6 - Amazon Athena¶
Wrangler has three ways to run queries on Athena and fetch the result as a DataFrame:
ctas_approach=True (Default)
Wraps the query with a CTAS and then reads the table data as parquet directly from s3.
PROS
:Faster for mid and big result sizes.
Can handle some level of nested types.
CONS
:Requires create/delete table permissions on Glue.
Does not support timestamp with time zone
Does not support columns with repeated names.
Does not support columns with undefined data types.
A temporary table will be created and then deleted immediately.
Does not support custom data_source/catalog_id.
unload_approach=True and ctas_approach=False
Does an UNLOAD query on Athena and parse the Parquet result on s3.
PROS
:Faster for mid and big result sizes.
Can handle some level of nested types.
Does not modify Glue Data Catalog.
CONS
:Output S3 path must be empty.
Does not support timestamp with time zone
Does not support columns with repeated names.
Does not support columns with undefined data types.
Does not support custom data_source/catalog_id.
ctas_approach=False
Does a regular query on Athena and parse the regular CSV result on s3.
PROS
:Faster for small result sizes (less latency).
Does not require create/delete table permissions on Glue
Supports timestamp with time zone.
Support custom data_source/catalog_id.
CONS
:Slower (But stills faster than other libraries that uses the regular Athena API)
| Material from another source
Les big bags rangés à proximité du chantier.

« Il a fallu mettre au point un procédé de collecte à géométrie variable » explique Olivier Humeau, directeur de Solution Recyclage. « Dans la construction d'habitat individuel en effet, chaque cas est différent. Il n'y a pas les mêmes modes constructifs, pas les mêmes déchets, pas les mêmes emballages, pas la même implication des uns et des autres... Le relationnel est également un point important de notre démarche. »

Does not handle nested types at all.
[1]:
import awswrangler as wr
Enter your bucket name:¶
[2]:
import getpass
# bucket = getpass.getpass()
bucket = "antonkuk-us-east-1"
path = f"s3://{bucket}/data/"
Checking/Creating Glue Catalog Databases¶
[3]:
if "awswrangler_test" not in wr.catalog.databases().values:
wr.catalog.create_database("awswrangler_test")
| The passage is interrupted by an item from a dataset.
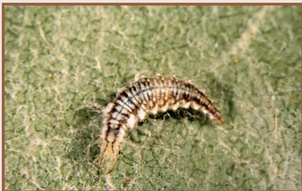
Larva sobre fulla (J. Avilla)
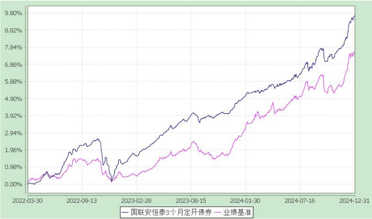
国联安恒泰 3 个月定期开放纯债债券型证券投资基金 自基金合同生效以来份额累计净值增长率与业绩比较基准收益率的历史走势对比图 (2022 年 3 月 30 日至 2024 年 12 月 31 日)

注：1、本基金业绩比较基准为中债综合指数收益率； 2、本基金基金合同于 2022 年 3 月 30 日生效； 3、本基金建仓期为自基金合同生效之日起的 6 个月，建仓期结束时各项资产配置符合合同约定。

Creating a Parquet Table from the NOAA’s CSV files¶
[ ]:
cols = ["id", "dt", "element", "value", "m_flag", "q_flag", "s_flag", "obs_time"]
df = wr.s3.read_csv(
path="s3://noaa-ghcn-pds/csv/189",
names=cols,
parse_dates=["dt", "obs_time"]) # Read 10 files from the 1890 decade (~1GB)
df
[ ]:
wr.s3.to_parquet(
df=df,
path=path,
dataset=True,
mode="overwrite",
database="awswrangler_test",
table="noaa"
);
[ ]:
wr.catalog.table(database="awswrangler_test", table="noaa")
Reading with ctas_approach=False¶
[ ]:
%%time
wr.athena.read_sql_query("SELECT * FROM noaa", database="awswrangler_test", ctas_approach=False)
Default with ctas_approach=True - 13x faster (default)¶
[ ]:
%%time
wr.athena.read_sql_query("SELECT * FROM noaa", database="awswrangler_test")
Using categories to speed up and save memory - 24x faster¶
[ ]:
%%time
wr.athena.read_sql_query("SELECT * FROM noaa", database="awswrangler_test", categories=["id", "dt", "element", "value", "m_flag", "q_flag", "s_flag", "obs_time"])
Reading with unload_approach=True¶
[ ]:
%%time
wr.athena.read_sql_query("SELECT * FROM noaa", database="awswrangler_test", ctas_approach=False, unload_approach=True, s3_output=f"s3://{bucket}/unload/")
Batching (Good for restricted memory environments)¶
[ ]:
%%time
dfs = wr.athena.read_sql_query(
"SELECT * FROM noaa",
database="awswrangler_test",
chunksize=True # Chunksize calculated automatically for ctas_approach.
)
for df in dfs: # Batching
print(len(df.index))
[ ]:
%%time
dfs = wr.athena.read_sql_query(
"SELECT * FROM noaa",
database="awswrangler_test",
chunksize=100_000_000
)
for df in dfs: # Batching
print(len(df.index))
Cleaning Up S3¶
[ ]:
wr.s3.delete_objects(path)
Delete table¶
[ ]:
wr.catalog.delete_table_if_exists(database="awswrangler_test", table="noaa");
Delete Database¶
[ ]:
wr.catalog.delete_database('awswrangler_test')